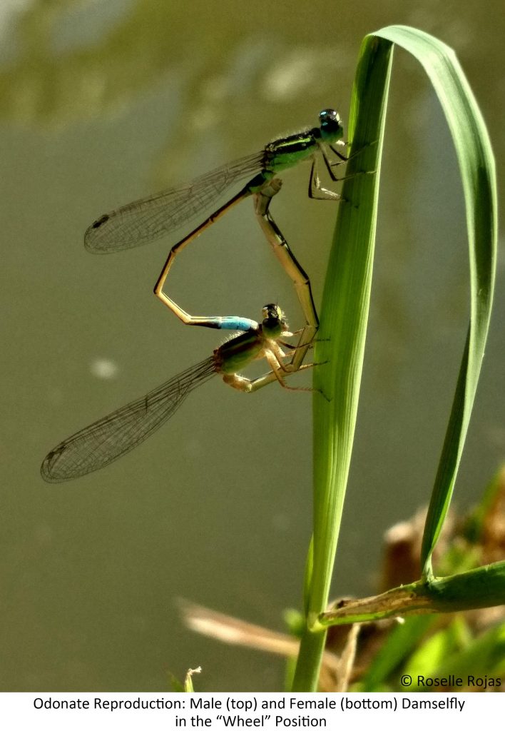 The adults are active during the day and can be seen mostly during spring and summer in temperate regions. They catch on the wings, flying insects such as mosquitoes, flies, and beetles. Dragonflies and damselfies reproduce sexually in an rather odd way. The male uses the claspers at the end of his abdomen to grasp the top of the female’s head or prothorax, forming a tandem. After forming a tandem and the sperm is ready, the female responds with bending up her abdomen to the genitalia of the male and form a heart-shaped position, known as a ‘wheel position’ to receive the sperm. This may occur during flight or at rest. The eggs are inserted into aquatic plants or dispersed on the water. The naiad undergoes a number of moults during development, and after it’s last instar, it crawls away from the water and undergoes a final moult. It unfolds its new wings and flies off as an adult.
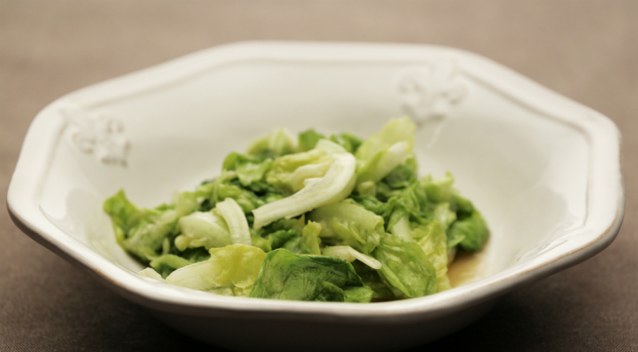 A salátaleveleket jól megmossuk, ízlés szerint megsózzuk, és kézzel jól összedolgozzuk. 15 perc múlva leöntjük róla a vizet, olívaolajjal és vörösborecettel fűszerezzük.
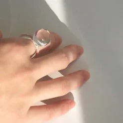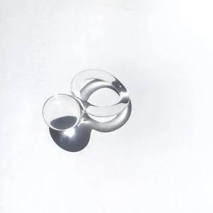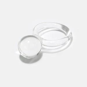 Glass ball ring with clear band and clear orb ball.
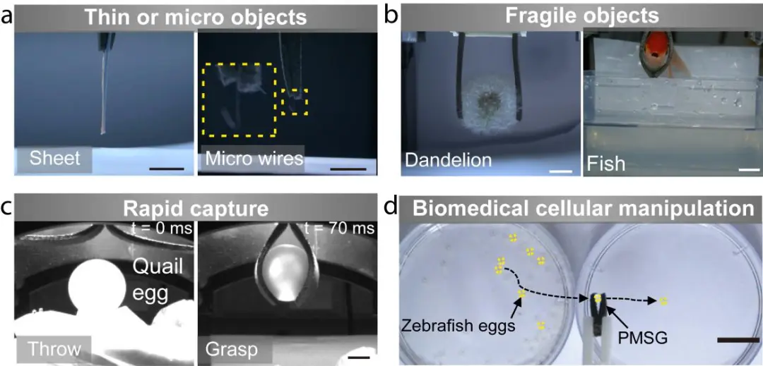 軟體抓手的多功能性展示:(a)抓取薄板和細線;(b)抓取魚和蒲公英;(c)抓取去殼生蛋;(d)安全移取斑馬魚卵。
══════
[What the task requires]:
Pictures stay out; reproduce exactly the lines from the one containing "A salátaleveleket jól" through the last line of the listing, both included.

[Output of the task]:
 A salátaleveleket jól megmossuk, ízlés szerint megsózzuk, és kézzel jól összedolgozzuk. 15 perc múlva leöntjük róla a vizet, olívaolajjal és vörösborecettel fűszerezzük.
 Glass ball ring with clear band and clear orb ball.
 軟體抓手的多功能性展示:(a)抓取薄板和細線;(b)抓取魚和蒲公英;(c)抓取去殼生蛋;(d)安全移取斑馬魚卵。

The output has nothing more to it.